Practice Financing by Growth Stage 2026

A stage-based 2026 hub for practice financing: match startup, working capital, acquisition, or expansion funding to your borrower profile.

If you are starting from zero, use the startup capital guide; if you are buying an existing clinic, use acquisition financing. If you already have a practice and need cash for payroll, billing, equipment, or a second site, pick the link below that matches your stage and borrower profile.

Key differences

The fastest way to choose a path is to match the loan to the stage of the practice. Startup deals are about opening-day survival: deposits, buildout, licenses, and initial payroll. Growth-stage deals are about filling gaps: a used scanner, a therapy room buildout, or working capital for uneven reimbursements. Acquisition and expansion deals are about proving the debt fits the cash flow after close, which is why lenders look harder at deposits, tax returns, and debt service.
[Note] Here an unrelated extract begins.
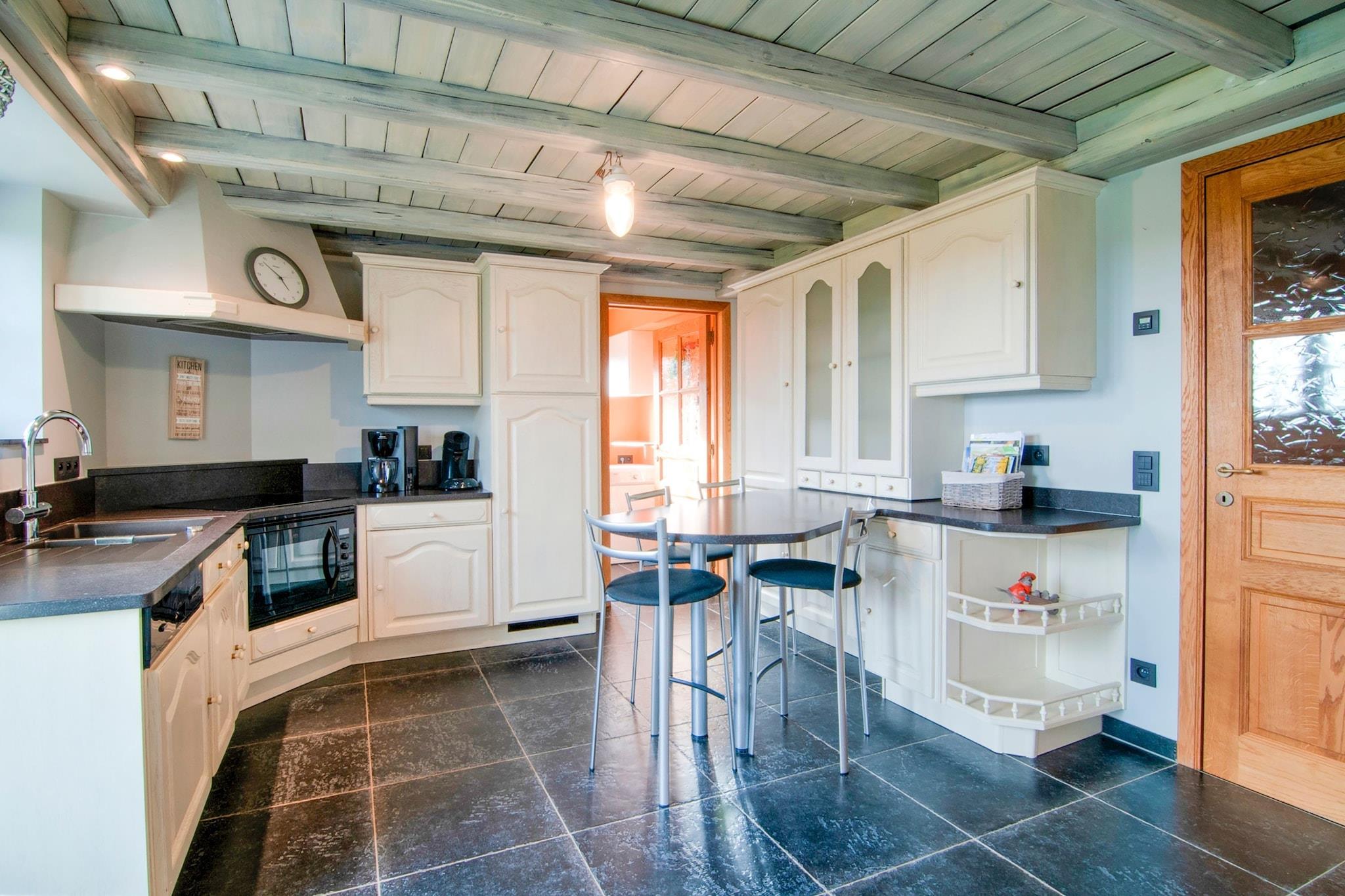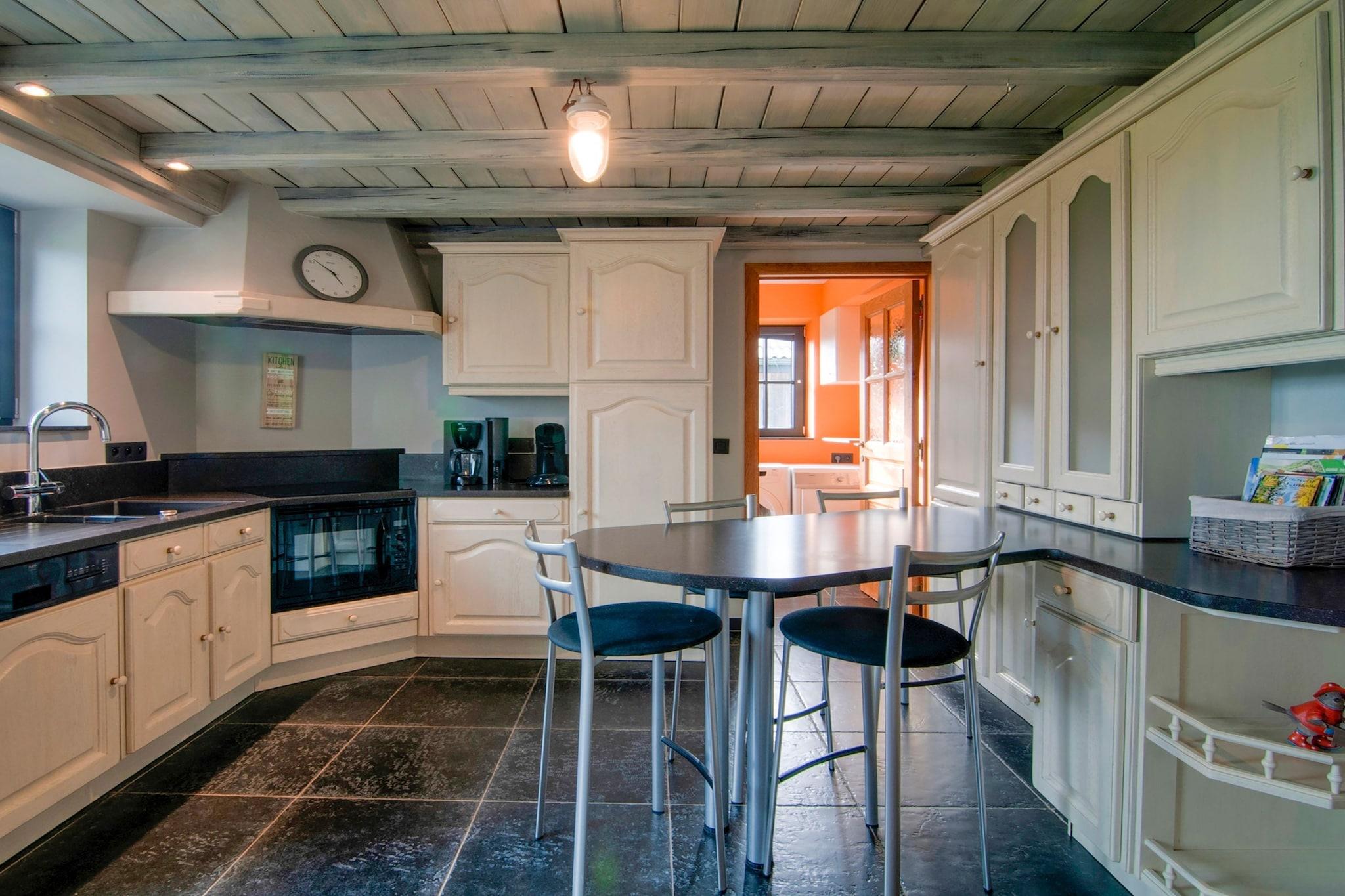 Gemt væk i den fredelige landsby Nafraiture er dette feriehus med 4 soveværelser perfekt til familier eller grupper på op til 8 gæster. Med en frodig have, solrig terrasse og grill er det en vidunderlig base for at genoprette forbindelsen til naturen og skabe varige minder. Kun 300 m fra Nafraiture-skoven og 7 km fra La Semois-floden og Vresse-sur-Semois bymidte er området ideelt til vandreture, cykling og naturskønne picnics. Udforsk lokale butikker, spis på charmerende restauranter, eller nyd bare Ardennernes sindsro. Bruxelles South Charleroi Lufthavn ligger 95 km derfra. Indvendigt har boligen et veludstyret køkken, rummelig opholdsstue og havemøbler til udendørs lounging. Uanset om du stirrer på stjernen på terrassen eller griller under åben himmel, byder dette hjem på et afslappende og naturfyldt tilflugtssted. Parkering er tilgængelig.
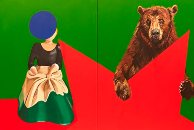 The painting method which Clare Andrews employs is completely traditional oil paint on canvas but she is really interested in contrast, in her own visual language. In her work, she uses the figurative and the abstract, large areas and shapes of flat colour interacting with realistic figurative images and apparently unrelated subject matter. Each visual metaphor therefore has an equal weight of importance in the finished painting. The resulting pictures may have some sort of narrative but usually do not. They are left open-ended for the viewer to complete.

Stage Best fit Typical lender lens
Startup New solo or group practice Credit, cash injection, lease terms, opening budget
Year 1-2 Working capital or equipment Bank statements, revenue trend, asset use, repayment capacity
Acquisition ready Buy a going concern DSCR, historical collections, borrower experience, close timeline
Multi-location Second site or consolidation Existing margins, staffing plan, post-close leverage

A practical cutoff in 2026 is whether you can support underwriting without stretching the numbers. SBA 7(a) pricing is still the lower-cost benchmark for larger requests, with a typical 8-11% APR range, up to $5,000,000, and terms as long as 84 months. That matters most when you are buying revenue, not just equipment. Lenders usually want at least 640+ FICO, about 24 months in business for a standard SBA 7(a) file, and a 1.25x debt service coverage ratio. They also often review 2-6 months of bank statements, which is where irregular deposits or heavy owner transfers can slow a file down.

If you are earlier than that, equipment financing and working capital are usually the cleaner split. Equipment loans in 2026 commonly run 12-16% APR over 5-7 years, with 15-25% down if the file is strong. Working capital is faster to use but more expensive, often 18-22% APR, so it fits a short bridge, not a long-lived purchase. That is why a neurodiverse founder opening a therapy clinic, med spa, or specialty office usually starts with the smallest loan that solves the immediate bottleneck, then moves up once deposits stabilize.

One more filter: if your plan depends on buying equipment, tax treatment can matter as much as rate. The 2026 Section 179 deduction limit is $1,220,000, and loan-financed equipment can still qualify if IRS rules are met. That makes the equipment path more efficient for some clinics than a broad working capital draw. For a more specific acquisition-heavy route, the imaging center acquisition financing guide is the right sibling article when the deal is really about buying patients, staff, and an operating schedule rather than opening from scratch.

Use the links below to move straight to the stage that fits your situation: startup launch, early growth, acquisition readiness, or multi-location expansion.

Frequently asked questions

Which financing fits a brand-new private practice in 2026?

If you do not have revenue yet, start with startup capital. Expect lenders to focus on your credit, cash injection, lease, equipment list, and opening-day runway more than historical cash flow.

How much do lenders usually want for equipment or working capital?

For equipment financing, 15-25% down is common, with 5-7 year terms and 12-16% APR. Working capital loans usually cost more, around 18-22% APR, so they fit short gaps, not long-term assets.

Can financed equipment still qualify for Section 179 in 2026?

Yes, if IRS rules are met. The 2026 Section 179 deduction limit is $1,220,000, so financed equipment can still be part of the tax plan even when you do not pay cash upfront.